Jaggary balances Vata, but is too heavy and sweet for Kapha and too warm for Pitta to enjoy regularly. It is a very important source of nutrients and can be eaten daily by Vata. It is useful in cases like convalesence, pregnancy and post natal care. It has specific action on the lungs and is a very good blood builder. It is high in iron, and can be eaten daily with black sesame seeds for Vata type anemia. Jaggary also has the advantage of being sattvic, unlike white sugar (rajasic) or treacle (tamasic).

Since it naturally contains potassium and sodium jaggary doesn't cause a blood sugar spike like refined sugar does. Jaggary may be tolerated by diabetics a little better than white sugar, but raw honey is still best in this case. This mineral salt content also makes it excellent for rehydration or blood loss.

Jaggary is most typically used in India food for making sweets with sesame, coconut or milk. But Gujarati cuisine is famous for it's unique sweetness, and jaggary is used in dahl and vegetable dishes. A typical Punjabi meal is mustard greens with corn flour flat bread and a chunk of jaggary-delicious and really fun to eat!

If it looks light and dry it probably is, so most 'raw' sugar and 'brown' sugar likely shares more qualities with white sugar than jaggary. Find the most moist and gooey and dark sugar you can. In my experience gooey dark sugar made from coconut, date or palm has similiar qualities to that made from sugarcane, and may be more available.

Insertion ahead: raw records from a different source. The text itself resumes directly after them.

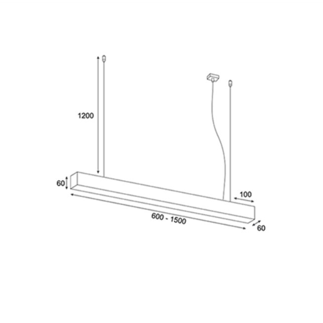 • Lampa wisząca o dwóch źródłach światła. Moduł świecący w górę jest o 30 cm krótszy od długości lampy.
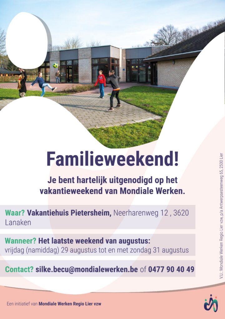 ’s Zomers laatste weekend gaat Mondiale Werken naar jaarlijkse traditie op Vakantieweekend met medewerkers, vrijwilligers, sympatisanten en met mensen die we geholpen hebben. Ook u bent van harte welkom. Alle informatie vindt u in de flyer hieronder. Tot dan!
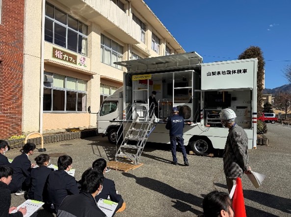 当日は、笛吹消防署と山梨県立防災安全センターの指導で煙体験、起震車体験、消火訓練等を行い、「いざ」という時の行動の仕方を学ぶ機会となりました。
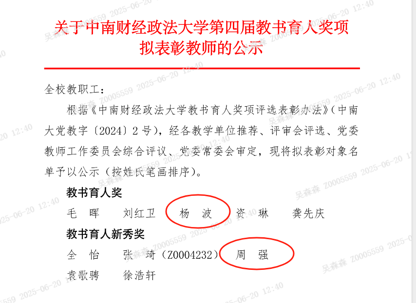在第四届教书育人奖评选中,杨波教授获评“教书育人奖”、周强副教授获评“教书育人新秀奖”。
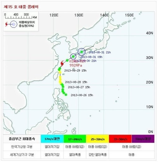 30일 기상청에 따르면, 태풍 콩레이 경로는 오후 3시께 제주도 서귀포 남남서쪽 약 490㎞ 부근 해상까지 이동한 뒤 31일 오후 3시께 일본 가고시마 북북서쪽 약 140㎞ 부근 해상을 거쳐 일본 열도를 향할 것으로 보인다.
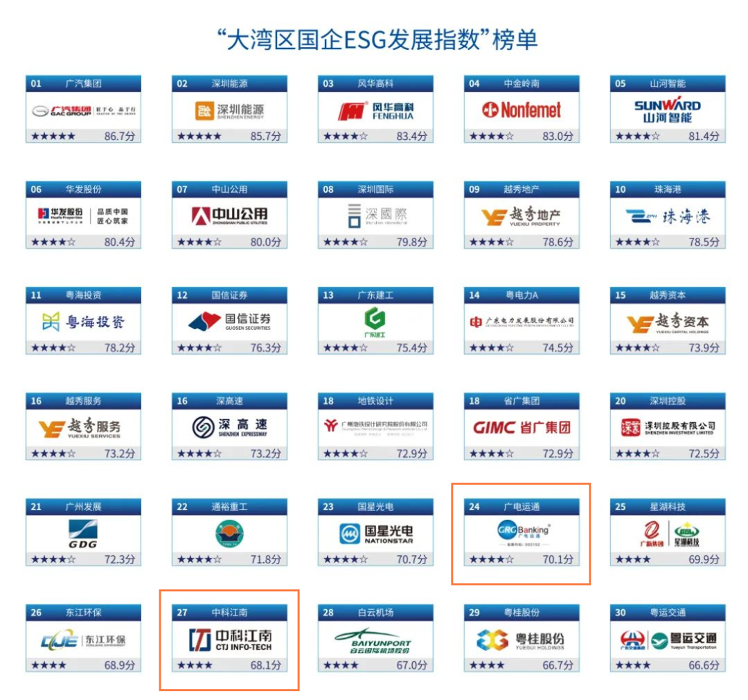 “大湾区国企ESG发展指数”榜单入选企业展示。
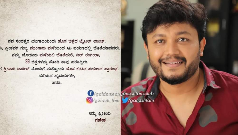 Mysuru: 'Baana Dariyalli' this is the title of Sandalwood 'Golden Star' Ganesh's new cinema, the title of which was launched...
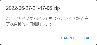 | (時計に反時計回りの矢印のアイコン) | バックアップファイルの右側に表示されています クリックすることで対象のバックアップファイルから復元を開始します |
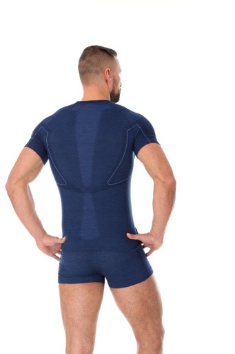 Чоловіча футболка з коротким рукавом ACTIVE WOOL - термобілизна найвищої якості, особливо рекомендована для активного відпочинку, наприклад, трекінгу. Виготовлена з найкращої в світі натуральної сировини - мериносової вовни. Він надзвичайно м'який, ніжний на дотик, не кусається і не дряпається. Мериносова шерсть також дуже тонка - її волокна мають лише 16,5 мікрон, що більш ніж у чотири рази менше середньої товщини людської волосини! Чим тонше і щільніше руно овечої вовни, тим краще її теплоізоляційні властивості. Волокна, які використовуються в колекції ACTIVE WOOL від BRUBECK, є найблагороднішою різновидом вовни австралійського мериноса. Завдяки високій еластичності вовни білизна не мнеться і не виштовхується. Він ідеально прилягає до тіла, ніжний до шкіри та не залишає слідів завдяки манжетам, що не тиснуть, і плоским швам.
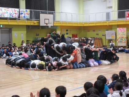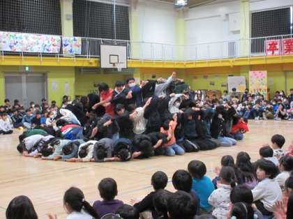 5年生は6年生が運動会で披露した、ウェーブで挑戦です。
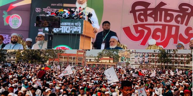 বাংলাদেশ জামায়াতে ইসলামী লক্ষ্মীপুর জেলা শাখার আয়োজনে আজ (৩০ জানুয়ারি) শুক্রবার বেলা ০২ টায় স্থানীয় আদর্শ সামাদ সরকারি উচ্চ বিদ্যালয় মাঠ প্রাঙ্গনে অনুষ্ঠিত নির্বাচনী জনসভায় তিনি এসব কথা বলেন।
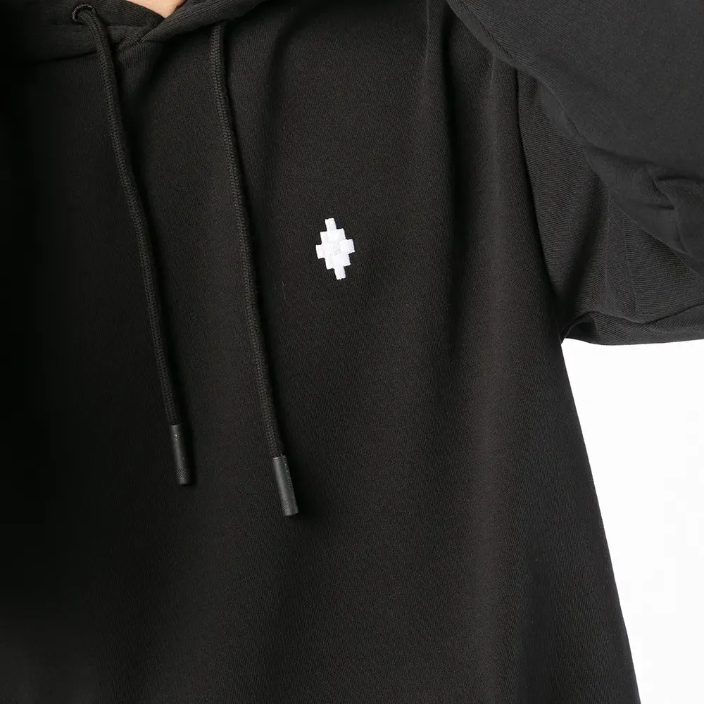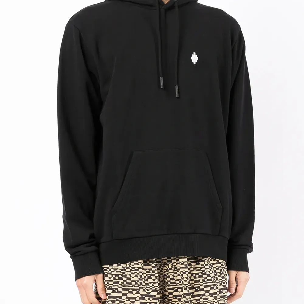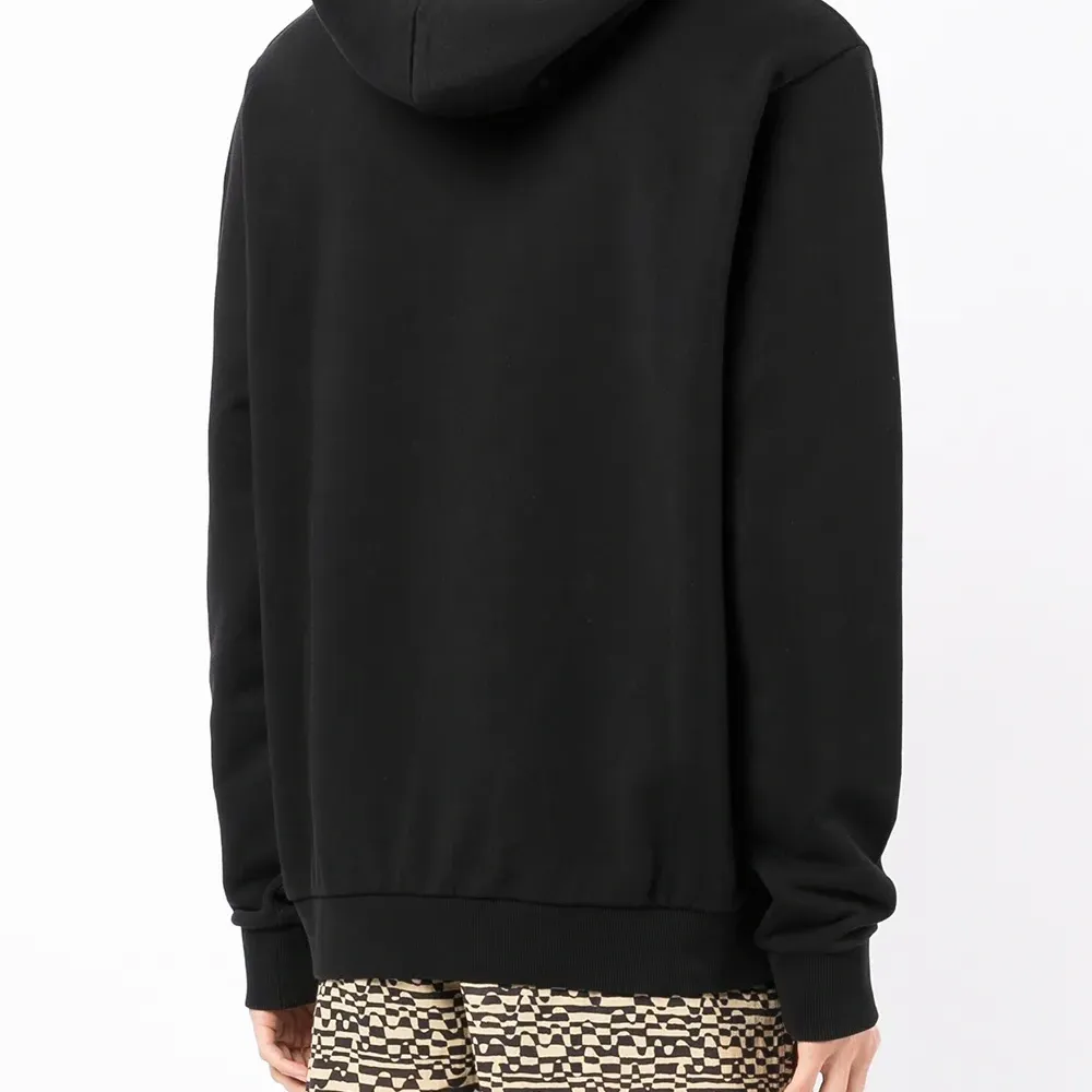 Принт с логотипом на груди, затягивающийся на шнурок капюшон, длинные рукава, карман-муфта и отделка в рубчик. Цвет: черный.

It isn't as sweet as white sugar, and does affect the outcome of various baked goods, but I love it so much I use it in baking anyway. To use it in cooking you can dissolve it with a dash of warm water and use in place of syrups like honey (which shouldn't be cooked) and golden syrup (which is highly refined). This syrup is also delicious on pancakes. Dryer jaggary can be grated, and then blended to make a powder which can be used in place a regular sugar for a darker, heavier, less sweet result. Jaggary chunks can be easily dissolved in tea or porridge.